┌─ RECORDED DATA

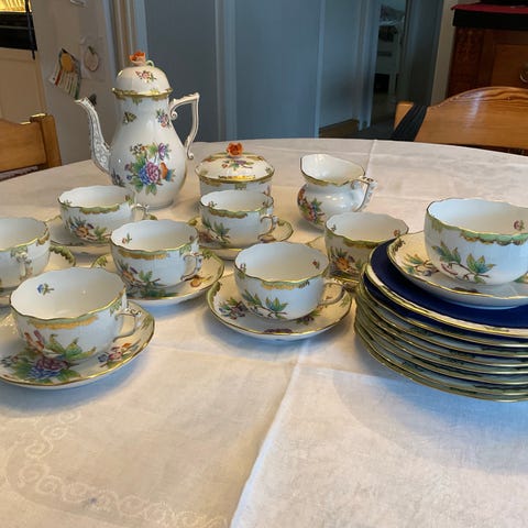 Kaffeservise ‘ Appony Pink’ fra Herend, Ungarn. Det har aldri vært brukt.
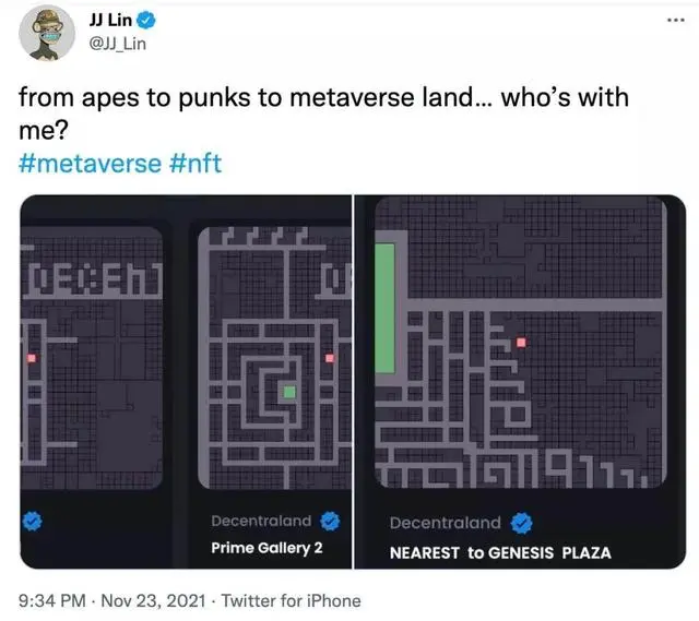 除了购买NFT头像之外,林俊杰则是盯上了元宇宙当中的虚拟土地。前段时间还在社交媒体上宣布自己购买了三块虚拟土地,有媒体估算林俊杰所购买的这三块土地花费超过12万美元。
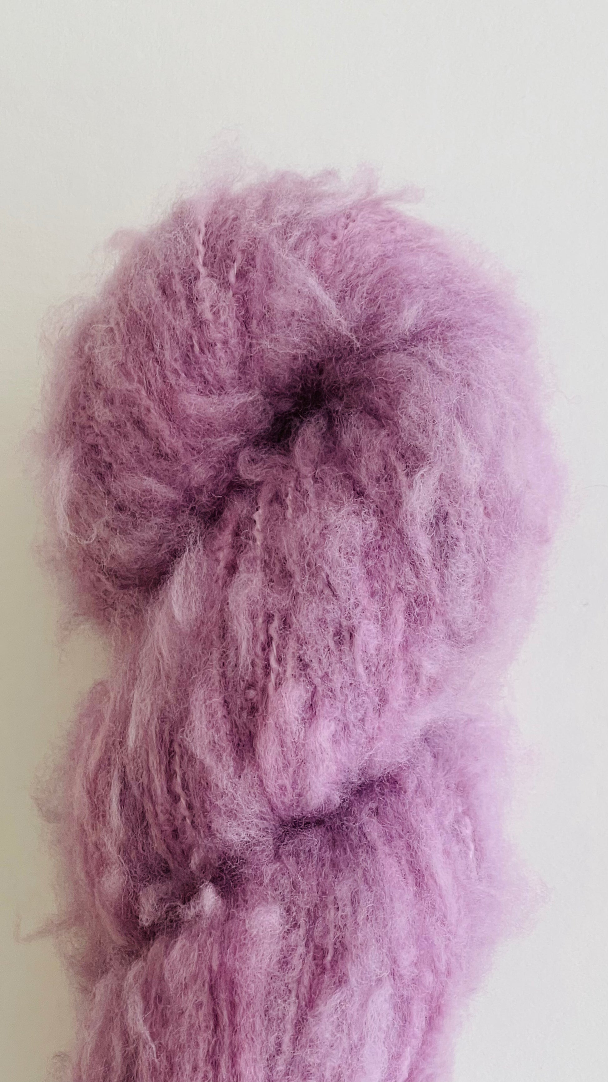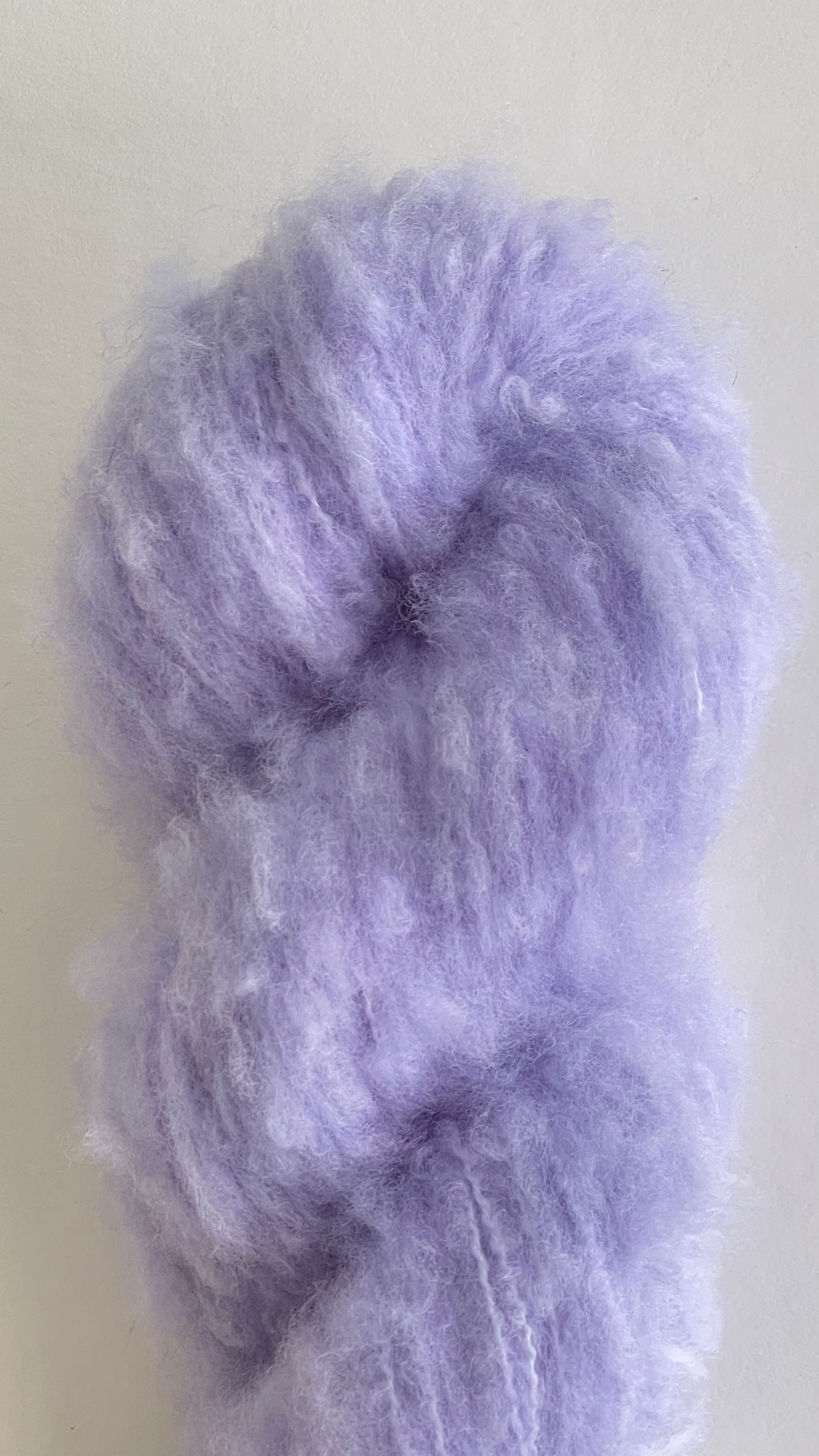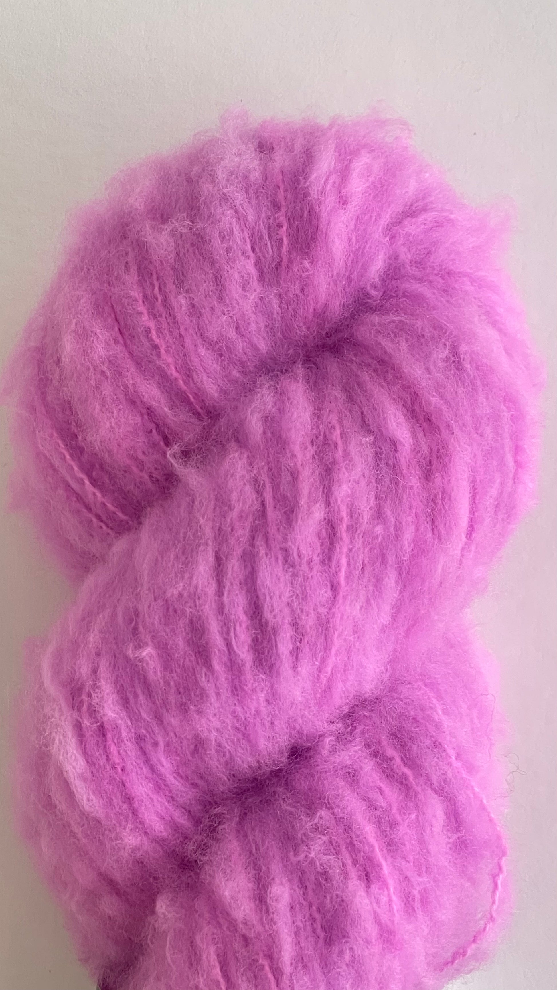 Bulky weight, 50g, 164 yards (150m), 90% Brushed Merino 10% Silk. Recommended needle size 5.5-6.0 mm.
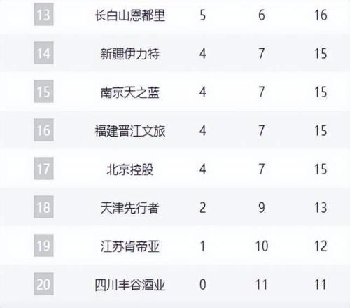 新疆、同曦、福建、北控组成混战集团。新疆队进攻体系渐入佳境,同曦队郭昊文独木难支,福建队单靠外援的爆发难掩整体颓势,北控队张帆的伤病阴影笼罩全队。而天津、江苏、四川三支球队已基本锁定倒数3名,但天津队战胜北控的这场胜利,或许能成为赛季转折点。
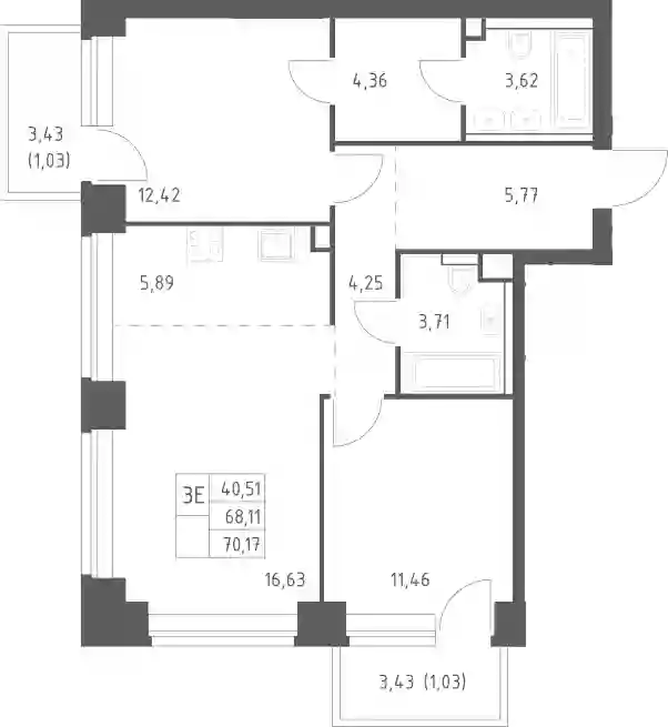 57 306 663 ₽3-к.квартира, 72.34 м², 27 эт.
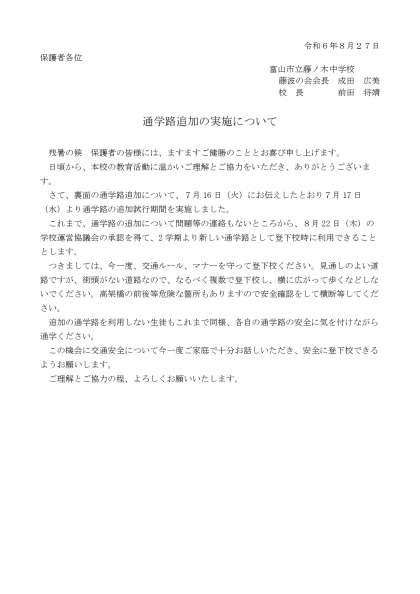 通学路追加の実施について 公開日 2024/08/27 更新日 2024/08/27 news 本日、通学路の追加についてのプリントを配布しました。これまで試行期間としていたあづまコンクリート横の舗装された道路を正式に通学路としてこれから利用していくことになります。これまで同様、安全に登下校できるようお願いします。
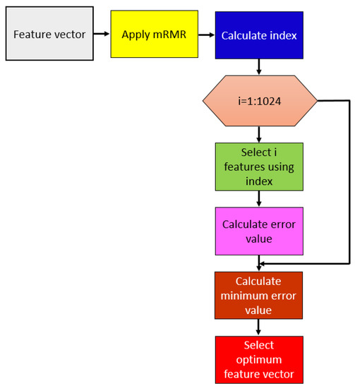 For automatic selection of the optimal number of generated features, we proposed an iterative version of the maximum relevance minimum redundancy selector (mRMR) [50], ImRMR, that incorporated an error calculator with kNN classifier. A schematic of the ImRMR selector is shown in Figure 4.
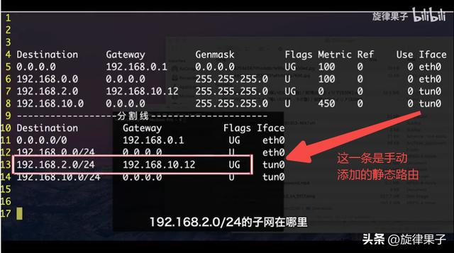 如果数据包的目的地是我的办公室的主机,IP地址为192.168.2.12,那么会同时符合两个目的网段,0.0.0.0/0和192.168.2.0/24,但是路由器会优先匹配更精确的规则,所以数据包通过tun0网卡转发给网关192.168.10.12。
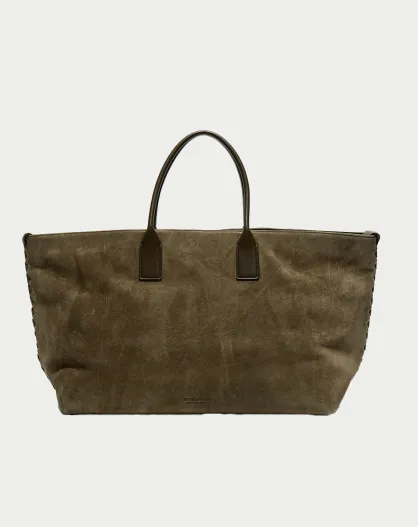 Grand cabas en Velours de Cuir kaki - 33x45x20 cm
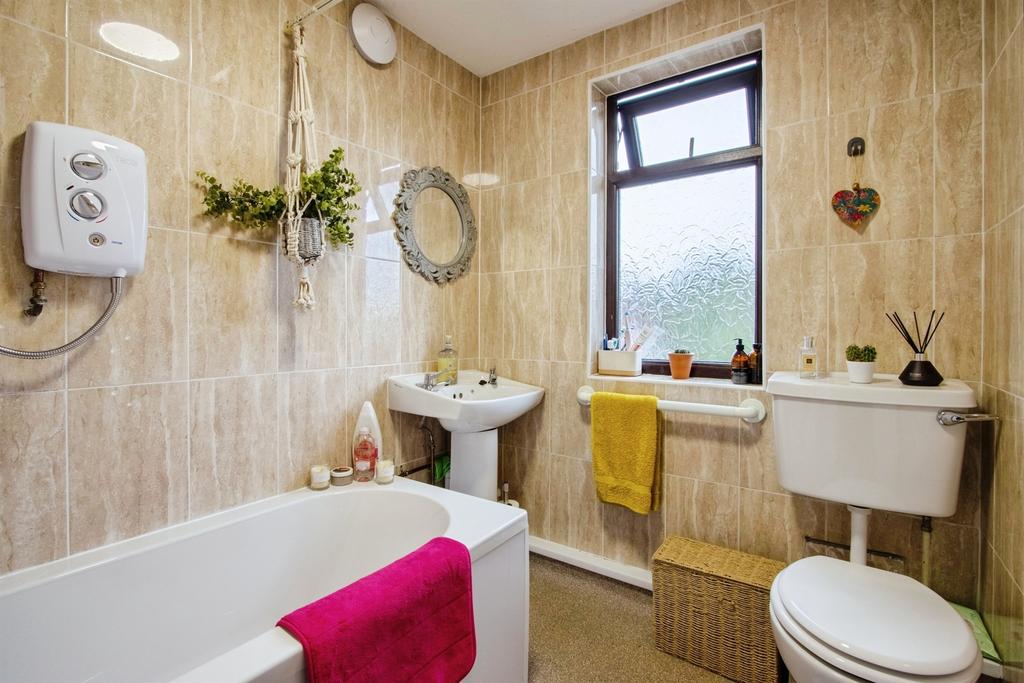 Bathroom incorporating bath with new electric shower over, washing hand basin, W/C, central heating radiator.

└─

◆ **THE PROBLEM**
Return the complete data unchanged and include none of the pictures.

◆ **REPLY**
 Kaffeservise ‘ Appony Pink’ fra Herend, Ungarn. Det har aldri vært brukt.
 除了购买NFT头像之外,林俊杰则是盯上了元宇宙当中的虚拟土地。前段时间还在社交媒体上宣布自己购买了三块虚拟土地,有媒体估算林俊杰所购买的这三块土地花费超过12万美元。
 Bulky weight, 50g, 164 yards (150m), 90% Brushed Merino 10% Silk. Recommended needle size 5.5-6.0 mm.
 新疆、同曦、福建、北控组成混战集团。新疆队进攻体系渐入佳境,同曦队郭昊文独木难支,福建队单靠外援的爆发难掩整体颓势,北控队张帆的伤病阴影笼罩全队。而天津、江苏、四川三支球队已基本锁定倒数3名,但天津队战胜北控的这场胜利,或许能成为赛季转折点。
 57 306 663 ₽3-к.квартира, 72.34 м², 27 эт.
 通学路追加の実施について 公開日 2024/08/27 更新日 2024/08/27 news 本日、通学路の追加についてのプリントを配布しました。これまで試行期間としていたあづまコンクリート横の舗装された道路を正式に通学路としてこれから利用していくことになります。これまで同様、安全に登下校できるようお願いします。
 For automatic selection of the optimal number of generated features, we proposed an iterative version of the maximum relevance minimum redundancy selector (mRMR) [50], ImRMR, that incorporated an error calculator with kNN classifier. A schematic of the ImRMR selector is shown in Figure 4.
 如果数据包的目的地是我的办公室的主机,IP地址为192.168.2.12,那么会同时符合两个目的网段,0.0.0.0/0和192.168.2.0/24,但是路由器会优先匹配更精确的规则,所以数据包通过tun0网卡转发给网关192.168.10.12。
 Grand cabas en Velours de Cuir kaki - 33x45x20 cm
 Bathroom incorporating bath with new electric shower over, washing hand basin, W/C, central heating radiator.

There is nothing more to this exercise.